FINALIST WINNER: People category: Buffalo Race. This photo was taken in Indonesia, farmers will held the buffalo race before the farming season every year, they believe will be luck if their buffalo win the race. 
(Photo courtesy of The 2010 National Geographic Photo Contest/Chan Kwok Hung)

FINALIST WINNER: Places category: Ship Breakers ...

FINALIST WINNER: Places category: Ship Breakers of Chittagong. Chittagong in Bangladesh is the second biggest ship breaking yard in the world, it is a graveyard where ships are taken in from all around the world for their last voyage, to be taken apart.
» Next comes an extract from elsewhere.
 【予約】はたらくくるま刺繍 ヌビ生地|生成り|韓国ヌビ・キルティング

Known for unsafe work practices and environmental pollution due to the demolition and ship breaking processes, Chittagong presents one of the biggest industry and job opportunities for many Bangladeshis. In this image, ship cut in a half is taken apart by workers, mostly by hand, one piece at a time. (Photo courtesy of The 2010 National Geographic Photo Contest/Jana Asenbrennerova)
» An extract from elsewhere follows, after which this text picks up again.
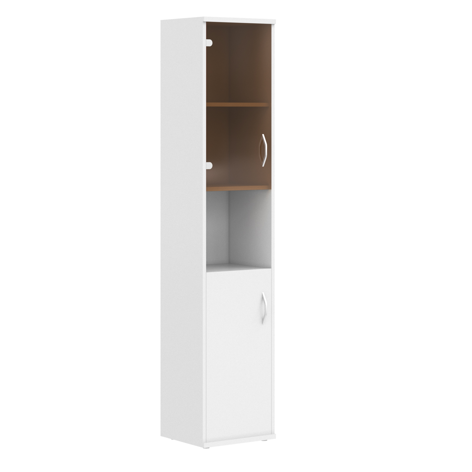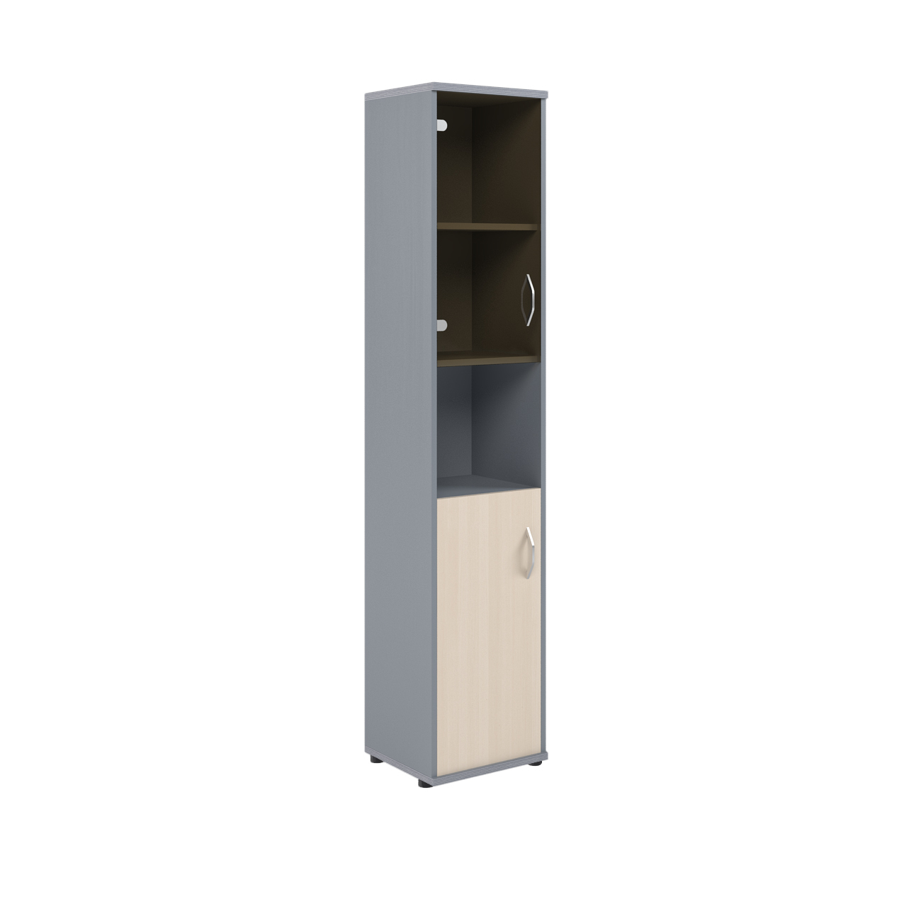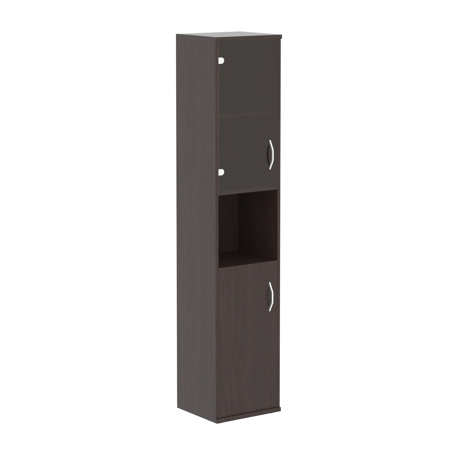 Компактный комбинированный шкаф IMAGO для офисного или домашнего использования. Размеры - 406х1975х365 мм, тип – левосторонний. Оснащен 5 полками, две нижние полки закрыты дверцей из ЛДСП, две верхние - стекляной дверцей со стильной тонировкой в цвет бронзы. Надежная защита торцевых поверхностей - кромка ПВХ 2 мм. Шкаф оснащен регулируемыми опорами для компенсации неровностей пола.

Salvation: Appreciate Life

The 2010 National Geographic Photo Contest attracts thousands of imaginative and amazing photos from around the world each year. The entry deadline is November 30, so you still have a few more days to submit your best photos in three categories: People, Places, and Nature. Aside from submitting your own photos , you can get more engaged in the contest by voting or your favorites on National Geographic's site , downloading great wallpaper, playing one of the puzzles, and/or checking out past winners The first-place winner in each category will receive $2,500, and have their winning photograph published in National Geographic magazine. One grand prize winner will receive, in addition to the first place prize, $7,500 and a trip to National Geographic headquarters in Washington, D.C.
(Photo courtesy of The 2010 National Geographic Photo Contest/Hongsik Kim)

Unsafe Journey

Unsafe Journey. A woman is riding between the railway carriages of a local train heading north from Dhaka, the capital of Bangladesh. Her luggage is tucked under the carriage in front of her. It is the month of Ramadan, a fast which culminates in Eid-ul-Fitr, a three-day celebration. Tens of thousands of people leave the city to go to their home village and celebrate with their families. Trains are packed and many who fail to get tickets before they sell out or can't afford buying them at the black market ride on the roof of the train or, like this woman, finds a quiet spot between the carriages.
(Photo courtesy of The 2010 National Geographic Photo Contest/Helene Johansson)

Aviation Boatswains Mate

An Aviation Boatswains Mate walks through aqueous film forming foam after a test of the sprinkler systems aboard the flight deck of the aircraft carrier USS Ronald Reagan (CVN 76). The testing of fire safety equipment is just one of many evolutions performed to ensure Ronald Reagan's sea readiness.
(Photo courtesy of The 2010 National Geographic Photo Contest/Ben Jernigan)

Brown Bear

Brown bear, Buskin River, Kodiak Alaska. This bear had been fishing in the river on this morning. It climbed onto the bank and laid down in the grass. This photo was taken about an hour after sunrise just as the sun was starting to clear the trees. The temperature was near the dew point and steam was rising off its body. It didn’t seem at all concerned by the fishermen in the river or the photographer on the bank.
(Photo courtesy of The 2010 National Geographic Photo Contest/James Haskins)
Blogger aoldeva said...
Dear and Respected Sir, Long Live Your Sharing Attitude, (which is rare to see, either because of possessiveness or laziness.) M.K. Devarajan.